> _EXERCISE GOAL_: Would you transcribe the records below from the line with "The children used" to the line with "Словарная работаСлабость - недостаток", ends included, exactly and with nothing more, leaving the pictures out?

> _RECORDS SUPPLIED_:
________________________

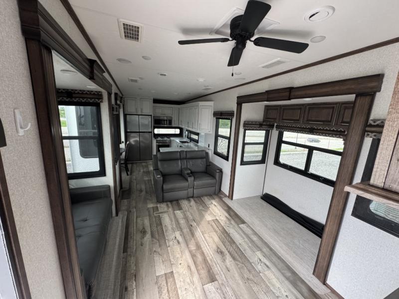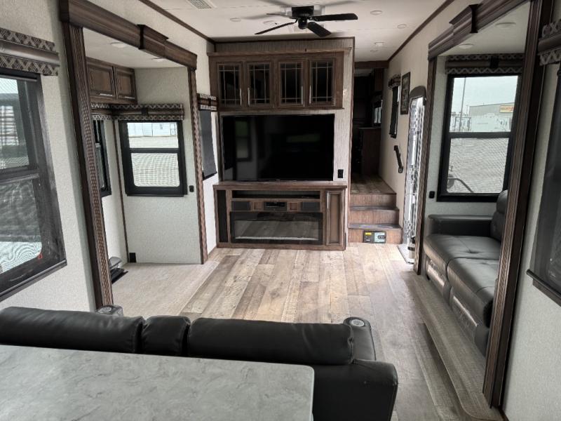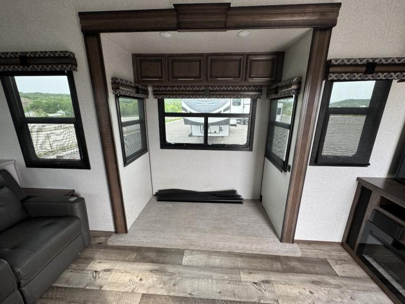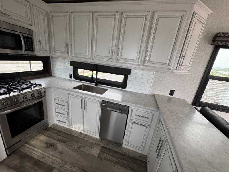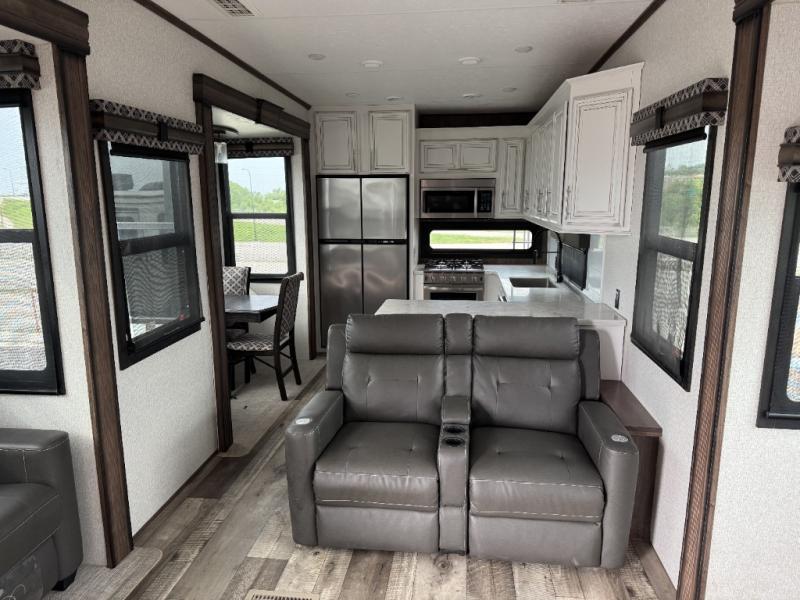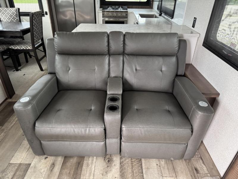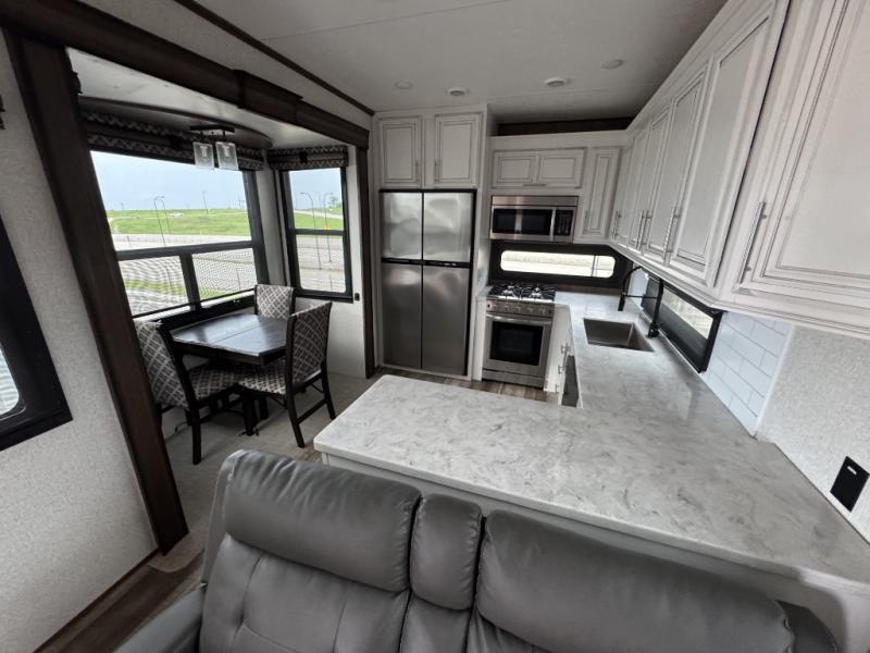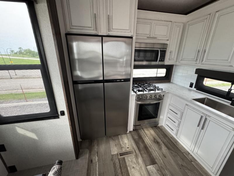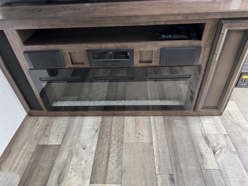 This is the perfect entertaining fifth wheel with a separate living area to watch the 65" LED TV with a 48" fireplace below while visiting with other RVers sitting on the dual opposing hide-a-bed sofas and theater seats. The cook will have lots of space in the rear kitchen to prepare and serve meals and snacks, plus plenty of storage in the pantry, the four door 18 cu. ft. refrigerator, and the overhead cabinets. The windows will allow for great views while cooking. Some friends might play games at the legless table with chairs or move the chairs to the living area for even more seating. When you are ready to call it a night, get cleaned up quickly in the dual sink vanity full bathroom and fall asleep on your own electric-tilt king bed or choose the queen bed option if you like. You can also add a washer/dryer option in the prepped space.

________________________

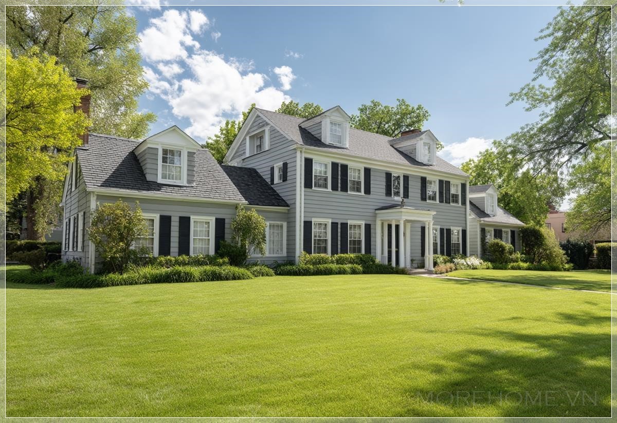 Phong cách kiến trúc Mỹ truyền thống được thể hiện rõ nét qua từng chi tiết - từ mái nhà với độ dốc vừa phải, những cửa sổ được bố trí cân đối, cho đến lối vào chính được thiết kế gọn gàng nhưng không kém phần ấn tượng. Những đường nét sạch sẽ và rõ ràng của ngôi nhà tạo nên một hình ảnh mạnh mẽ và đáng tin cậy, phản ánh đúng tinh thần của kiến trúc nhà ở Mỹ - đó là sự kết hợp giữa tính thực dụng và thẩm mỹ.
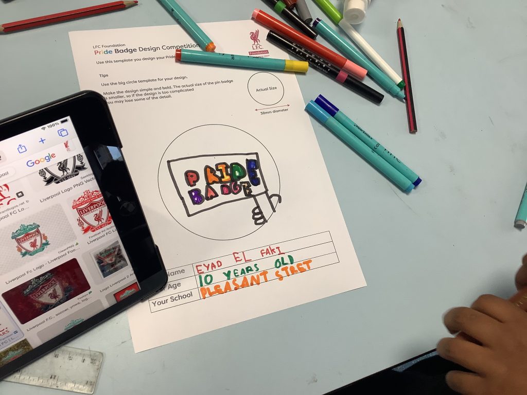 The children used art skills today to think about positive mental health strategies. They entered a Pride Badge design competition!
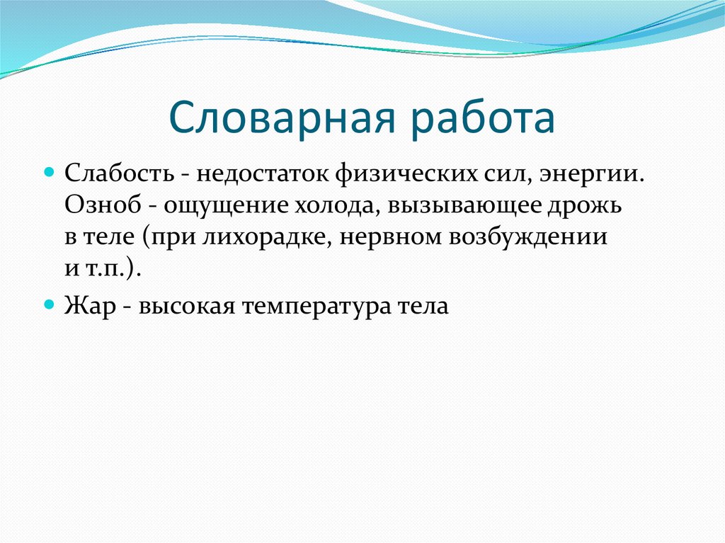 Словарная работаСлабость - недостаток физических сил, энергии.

________________________

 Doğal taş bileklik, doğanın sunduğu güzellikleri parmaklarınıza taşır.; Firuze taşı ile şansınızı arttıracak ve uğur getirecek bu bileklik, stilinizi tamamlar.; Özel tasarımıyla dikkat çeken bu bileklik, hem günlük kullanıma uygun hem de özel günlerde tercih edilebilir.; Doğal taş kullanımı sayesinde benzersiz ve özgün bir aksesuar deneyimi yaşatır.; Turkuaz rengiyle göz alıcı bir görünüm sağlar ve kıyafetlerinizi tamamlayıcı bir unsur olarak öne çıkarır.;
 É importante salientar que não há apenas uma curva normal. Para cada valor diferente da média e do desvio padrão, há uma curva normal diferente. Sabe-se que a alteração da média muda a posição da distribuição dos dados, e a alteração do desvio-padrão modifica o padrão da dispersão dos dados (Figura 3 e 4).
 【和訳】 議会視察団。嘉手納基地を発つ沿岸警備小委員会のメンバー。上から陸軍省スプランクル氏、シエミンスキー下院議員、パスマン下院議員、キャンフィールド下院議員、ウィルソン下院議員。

________________________

> _RESULT BELOW_:
 The children used art skills today to think about positive mental health strategies. They entered a Pride Badge design competition!
 Словарная работаСлабость - недостаток физических сил, энергии.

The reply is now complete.